Карл работал здесь уже неделю, когда однажды обнаружилось, что человек, который то и дело надрывно кашлял, не просыпается уже семь часов. Кто-то подошел, встал рядом со спящим на колени и приложил ухо к его груди. Затем он кивнул жене и сводной сестре спящего. Втроем они вытащили его из помещения. Ни жена, ни сестра в тот день не возвращались назад, а когда они, наконец, вернулись, Карлу показалось, что душа женщины совершенно не лежала к работе. Глаза ее были краснее, чем обычно. Однако сводная сестра выглядела как всегда. Как ни в чем не бывало, она принялась за работу. Кашлявший мужчина так и не вернулся назад. Карл понял, что мужчина умер.
Отец Карла отложил в сторону сюртук. Пришло время поесть. Отец вышел из помещения и вскоре вернулся с небольшим свертком. В другой руке у него был большой мятый жестяной чайник горячего чая. Мать Карла оставила швейную машинку и кивнула Карлу. Втроем они уселись в углу недалеко от окна. Отец Карла развернул газеты и вытащил три копченые селедки. Он дал матери и Карлу по рыбе. Они ели, по очереди запивая из носика чайника. Обед длился десять минут и проходил в молчании. Затем они снова вернулись на свое рабочее место за столом, перед этим тщательно вытерев жирные пальцы газетой, ибо мистер Армфелт оштрафует их, если обнаружит жирное пятно на сшитой одежде.
Карл смотрел на тонкие покрасневшие распухшие пальцы матери и на лицо отца, изрезанное морщинами. На ум пришла отцовская фраза: другим в жизни приходится куда хуже.

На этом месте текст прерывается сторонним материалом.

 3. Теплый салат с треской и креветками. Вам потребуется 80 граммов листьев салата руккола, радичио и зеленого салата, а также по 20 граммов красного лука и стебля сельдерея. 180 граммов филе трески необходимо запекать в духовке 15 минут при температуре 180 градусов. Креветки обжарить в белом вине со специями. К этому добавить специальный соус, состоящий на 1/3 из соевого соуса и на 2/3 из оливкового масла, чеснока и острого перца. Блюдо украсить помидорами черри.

Отец Карла всегда так говорит: «Помните, другим в этом мире приходится куда хуже. Считайте, что нам еще повезло». Он так всегда говорит, когда они ложатся в кровать. Они втроем спят в одной кровати. Раньше отец Карла каждую ночь молился перед сном. Теперь же, похоже, эта фраза заменила ему молитвы.
Дверь в помещение открывается. Внутрь врывается леденящий холод. Дверь закрывается. Низенький молодой человек в черном котелке и длинном, до пят, пальто стоит у двери и дышит на озябшие пальцы. Он говорит по-русски. Сейчас глаза его искательно перебегают с одного лица на другое. Мало кто оторвался от работы, чтобы поднять голову и взглянуть на незнакомца. Один только Карл смотрит.

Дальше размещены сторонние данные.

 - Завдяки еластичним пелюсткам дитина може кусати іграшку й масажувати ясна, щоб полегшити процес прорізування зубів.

— Послушайте, парни, может быть, кто-нибудь хочет поработать на меня? — говорит молодой человек. — Срочно. Хорошие деньги.
Несколько голов повернулись к незнакомцу. Но Карл их опередил. Он уже поднял руку. Отца Карла это, видимо, тоже заинтересовало, но он ничего не сказал.
— Ты не пожалеешь, — сказал человек. — Пять шиллингов. Кроме того, думаю, это не займет у тебя много времени. Надо передать записку.
— Куда передать?
Так же, как и Карл, отец Карла столь же свободно говорил по-русски, как и по-польски.
— Кое-кому. В доках. Недалеко. Я бы и сам сходил, да занят. Но мне нужен кто-нибудь, кто хоть немножко волочет по-английски, а также по-русски.
— Я говорю по-английски, — сказал по-английски Карл.
— Стало быть, ты аккурат тот парень, который мне нужен. Ну, как, по рукам? — Незнакомец бросил взгляд на отца Карла. — Вы не возражаете?
— Думаю, нет. Возвращайся как можно скорее, Карл. И держи монеты покрепче.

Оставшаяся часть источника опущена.